- **Task objective**:
Beginning with the line that has "Includes: Complete set", write out each line down to the end of the records below exactly, and include no pictures.

- **The records**:
__________

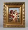 1920er Jahre, monogrammiert G.MX?, flache rechteckige Porzellanbildplatte mit polychromer Bemalung, in floral reliefierter Leiste der Zeit, diese minimal rest.bed. Maße Platte 22,5 cm x 17,5 cm, Total 36 cm x 32 cm.
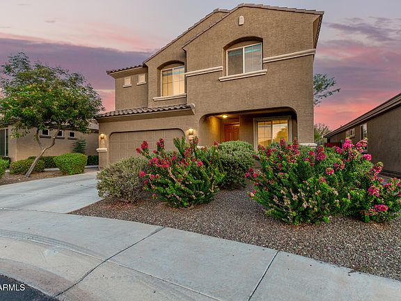 Move-in ready gem on a quiet cul-de-sac with Lookout Mountain views! Enjoy a landscaped yard, front patio, and 2-car garage. Inside features soaring ceilings, real hardwood floors downstairs, electric blinds, and a bright, open layout. The chef's kitchen boasts granite counters, soft-close shaker cabinets, SS appliances, pendant lighting, and a walk-in pantry. A double-door den is perfect for a home office. Upstairs offers a vaulted second living room. The spacious primary suite includes dual sinks and a walk-in closet. Enjoy added comfort with a whole-home water filtration system and an upgraded A/C system—ideal for Arizona's hard water and air quality. The backyard retreat includes a covered patio, pavers, pondless waterfall, and fire pit!
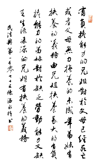 民法典第一千零七十五條 有負(fù)擔(dān)能力的兄、姐,對于父母已經(jīng)死亡或者父母無力撫養(yǎng)的未成年弟、妹,有扶養(yǎng)的義務(wù)。
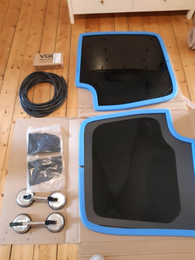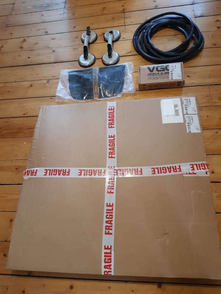 Includes: Complete set with all trims for badge, seal, bonding adhesive, and a pair of glass fitting grabs for safe lifting and accurate positioning during installation. Have included some ribbed flex seal but I'm unsure if this will complete both windows as it depends on the cut-out you have but will save you money either way.
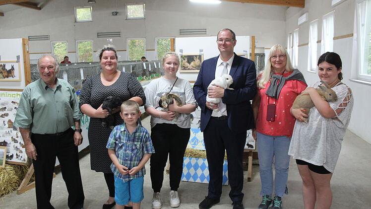 Großlangheims Bürgermeister Peter Sterk freute sich bei der Eröffnung der 20. Landesjugendjungtierschau der bayrischen Rassekaninchenzüchter am Samstagnachmittag auf dem Gelände des Großlangheimer Kleintierzuchtvereins darüber, dass nach der Corona-Zwangspause wieder eine Schau zustande kam. Bei Blitz und Donner und dem lange ersehnten kräftigen Regenguss verlieh der Schirmherr der Veranstaltung in der Ausstellungshalle des Vereins auch seiner Freude darüber Ausdruck, dass die Veranstaltung Zuchtfreunde und Züchternachwuchs aus nah und fern zusammen führte und auch das traditionelle Sommerfest am Sonntag das Interesse an Kaninchen und Federvieh stärkte.
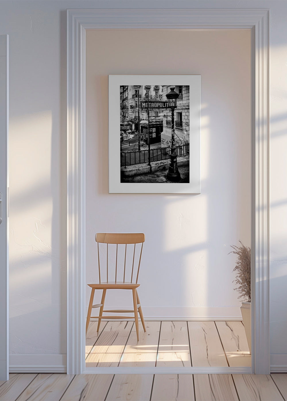 The passepartout is a white matt board that surrounds the poster to protect it from acrylic glass, and that also enhances the expressiveness of the work and emphasizes its details.
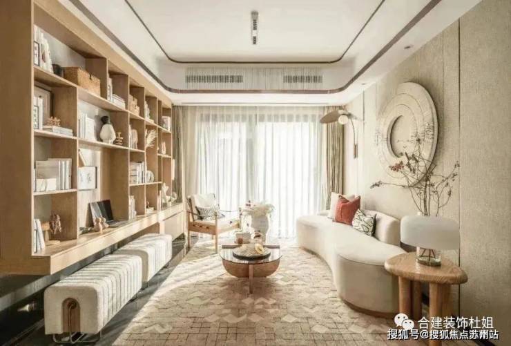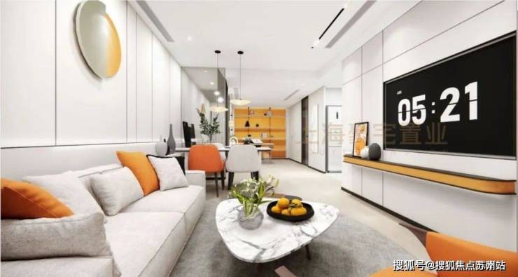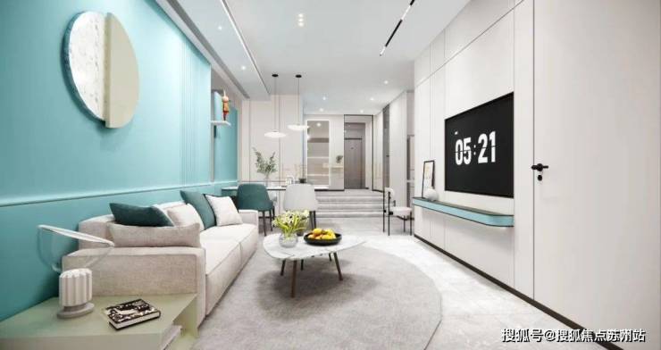 1、设计放置弧形沙发,可以借用一部分阳台空间,坐在沙发上不仅可以看电视、也还可以看楼下小区园林景观。因为是弧形,沙发尺寸也可以比常规一字型更长一些。

__________

- **Answer space**:
 Includes: Complete set with all trims for badge, seal, bonding adhesive, and a pair of glass fitting grabs for safe lifting and accurate positioning during installation. Have included some ribbed flex seal but I'm unsure if this will complete both windows as it depends on the cut-out you have but will save you money either way.
 Großlangheims Bürgermeister Peter Sterk freute sich bei der Eröffnung der 20. Landesjugendjungtierschau der bayrischen Rassekaninchenzüchter am Samstagnachmittag auf dem Gelände des Großlangheimer Kleintierzuchtvereins darüber, dass nach der Corona-Zwangspause wieder eine Schau zustande kam. Bei Blitz und Donner und dem lange ersehnten kräftigen Regenguss verlieh der Schirmherr der Veranstaltung in der Ausstellungshalle des Vereins auch seiner Freude darüber Ausdruck, dass die Veranstaltung Zuchtfreunde und Züchternachwuchs aus nah und fern zusammen führte und auch das traditionelle Sommerfest am Sonntag das Interesse an Kaninchen und Federvieh stärkte.
 The passepartout is a white matt board that surrounds the poster to protect it from acrylic glass, and that also enhances the expressiveness of the work and emphasizes its details.
 1、设计放置弧形沙发,可以借用一部分阳台空间,坐在沙发上不仅可以看电视、也还可以看楼下小区园林景观。因为是弧形,沙发尺寸也可以比常规一字型更长一些。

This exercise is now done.